How can I know what I think, when I have not yet heard what I say?! (handicapped child)
Words can make a strong impression and stick. This applies to us, but perhaps even more so to primitive people. Old Indian traditions greatly valued reticence, just because one appreciated the power of words. By speaking a word, one creates a reality. Words are not just strengthening the ability to think. They are the source of thinking. By choosing the words people are getting to know and understand their own thoughts. Just look at young children, who repeat and learn to read aloud.
The easiest comes first, tangible things like an object, plant, animal or the land itself. Than a bit more difficult, parts of those objects, like the ground of the land or a broken tool. Then more difficult yet, metaphorical ideas, for which concrete words are used in a new, abstract meaning. The ground in combination with the activity of breaking becomes ‘breaking ground’, an expression that can be used for exploring new territory.

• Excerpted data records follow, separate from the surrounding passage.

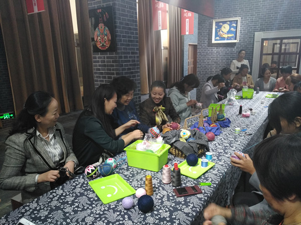 在湖湘女红文化展洽中心与学员们一起学习绣制手鞠球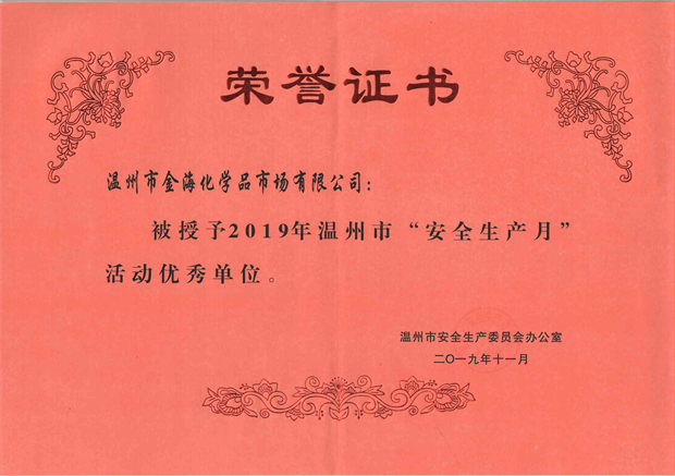 近日,金海公司被溫州市安全生產(chǎn)委員會辦公室評為2019年溫州市“安全生產(chǎn)月”活動優(yōu)秀單位。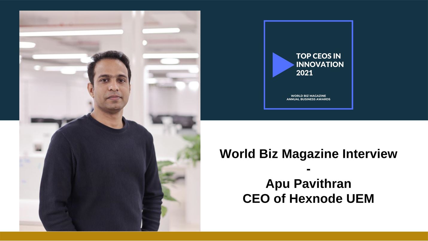 Apu Pavithran, CEO of Hexnode UEM has been announced as a “Top 100 Innovation CEO - 2021” by World Biz Magazine.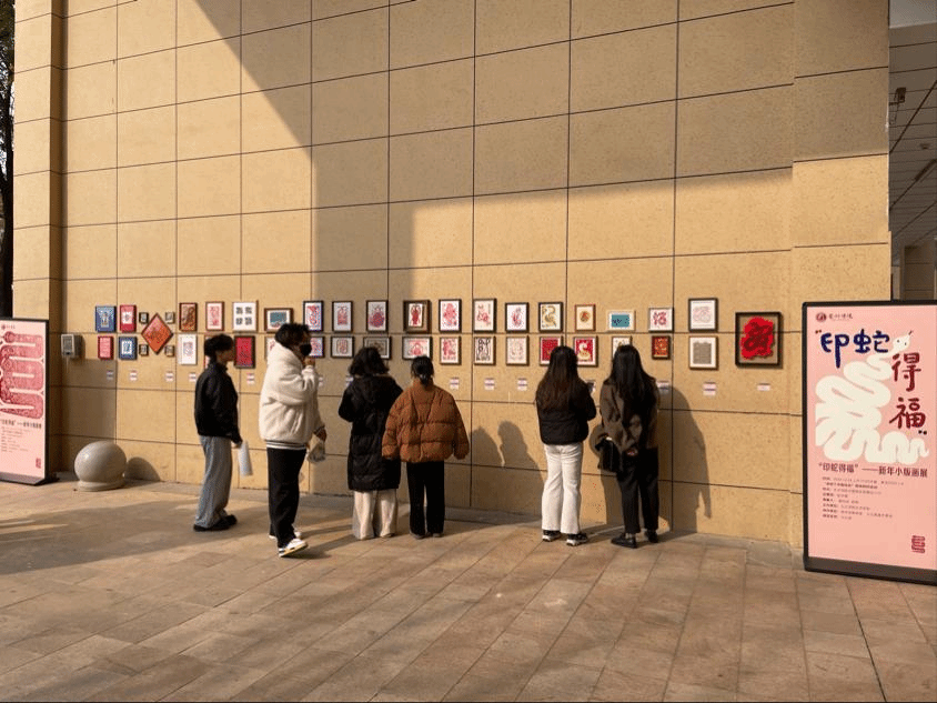 金蛇献瑞、蛇年行千里、蛇年大吉、画蛇添福、灵蛇送宝……一幅幅蛇年主题的版画正在56.nt必赢官网艺术学院大楼西侧展出,吸引了众多师生及校外人士前来参观。“这些版画很有意思,马上就要元旦了,这个展览不仅应景,而且也让校园里年味十足!”前来参观的图书馆陈老师这样评价道。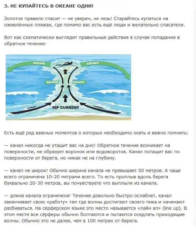 Смотрим далее подробную инструкцию о том, как не утонуть в море.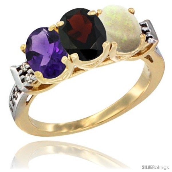 10K Yellow Gold Natural Amethyst, Garnet & Opal Ring 3-Stone Oval 7x5 mm Diamond Accent

Between 80.000 and 20.000 years ago, people start distinguishing and mastering more and more concepts and activities. Even for invisible matters like social relations. In the end words are invented for things that only refer to itself and to nothings else! Think about a promise or a covenant. Such words do not refer to anything already in existence, but they exist only after the word has been spoken and the promise been made. The word is the reality itself! In the distant past such words must have been very difficult – very important for group life and yet very hard to keep them in mind.
There is a deep connection between word and spirit. One can not go without the other. In ancient oral cultures, both are based on spoken language. Breath and air carries both ( out from the mouth and into the ear). Both are invisible and volatile, difficult to control and fanthom, but for all that both have a great influence in human life.

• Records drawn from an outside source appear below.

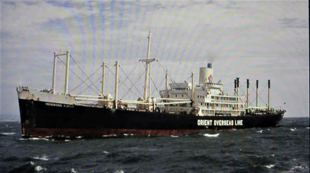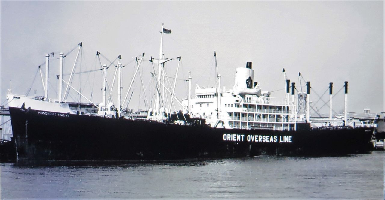 97k | Three archive pictures of ex-Estero, ex-HMS Premier, as Hong Kong Knight, in Hong Kong-based Orient Overseas Line (now Orient Overseas Container Line, OOCL) colors. |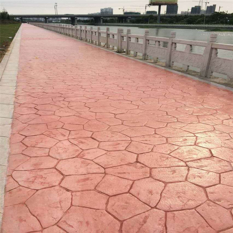 5、使用藝術(shù)地坪模具對地坪面層進(jìn)行紋理處理。藝術(shù)地坪模具應(yīng)配套使用,首先確定好紋理的分布方向,選好一塊模具放置的位置和角度,然后其它的模具依次緊貼一塊模具放置。彩色混凝土藝術(shù)地坪壓模采用壓模,壓模應(yīng)由技術(shù)較好的人員進(jìn)行作業(yè)以保證壓紋深度一致和模具放置的準(zhǔn)確性。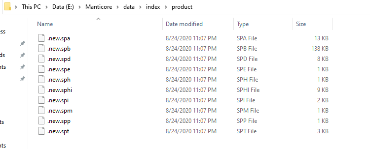 If we take a look within the index directory (E:\Manticore\data\index\product), we will find that several files are created.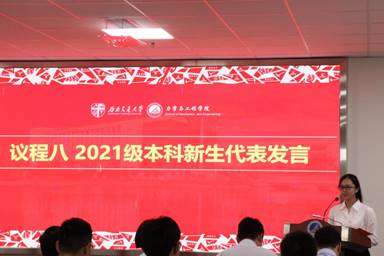 2021级博士研究生胡冰晖代表研究生新生发言。她希望大家都应该脚踏实地,敢于创新。百学须立志,明确的志向指引我们前行的方向。作为研究生,我们不应该被短时间的功利和浮躁所误导,而要树立高远的人生志向。“淡泊以明志、宁静以志远”,静心科研,努力学习科学文化知识,为推动社会前进贡献自己的力量。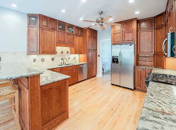 Beautiful brick 4 or 5 bedroom 2.5 bath home with side entry 2 car garage! Beautiful wood floors! Kitchen with granite counter tops, tumbled stone backsplash, updated cabinets, awesome faucet & under mount sink, built in pantry with fold out shelving, lazy susan, gas stove, built in microwave & frig negotiable! Breakfast room with bay window! Open floor plan to living room with wood burning fireplace, wainscoting, built-ins plus nearby work niche! Dining room with wainscoting! Office with french doors! Owners suite with tray ceiling, 2 closets (1 walk in), double sink granite vanity, nice shower with glass door & jetted tub! Good size spare bedrooms! Guest bath totally updated with double sink vanity! 5th bedroom or bonus room with built ins & bench seat! Lg laundry room with ceramic tile floor, storage cabinets & room for frig! 2 tier deck with pergola overlooking fabulous backyard!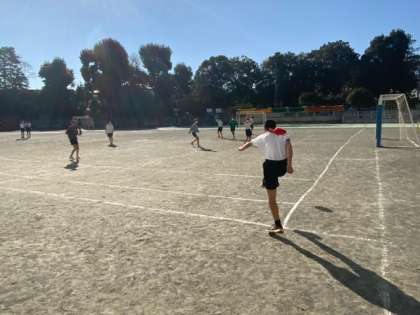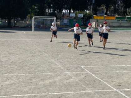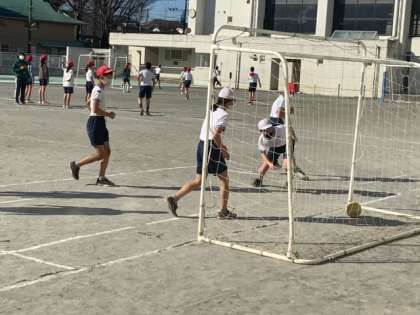 体育でゴール型のボール運動で、ゴールサッカーに取り組ます。チームの人数を少なくして誰もが参加しやすいルールになっています。キーパーがいないので、点が入るチャンスが増えます。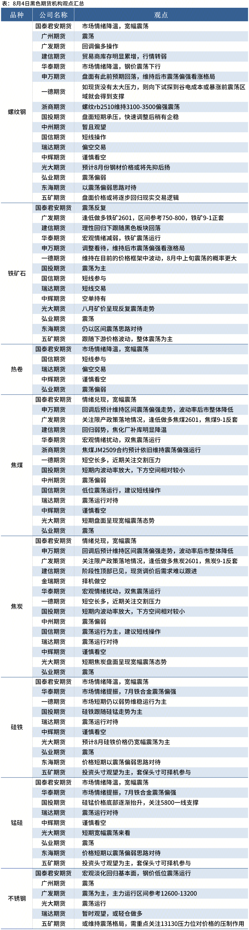 据Mysteel统计8月4日18家期货机构操作策略,其中多数机构料螺纹钢震荡运行,铁矿石震荡运行。具体汇总内容如下: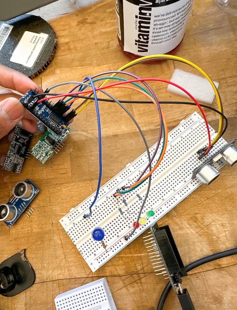 Rear-facing ultrasonic sensors detect nearby vehicles and send data to the Arduino alerting the rider of blind spot threats using purposefully blue-colored LEDs placed in the rider's peripherals.

Human language offers tremendous opportunities. Language enables abstract thinking. Words create new realities. Language frees from the world of the concrete and tangible and opens a world of invisible realities – social and emotional, knowledge and fantasy. Yet language is also restricting and distorting. For example (almost?) all languages in the world use the subject+verb construction, even when this not very appropriate. Take a sentence like “it is raining”. Who is raining? Unintentionally, this kind of language leads us to search for ‘who has done it’. And finally, language does not only connect people with eachother. It also excludes people who do not speak the same language.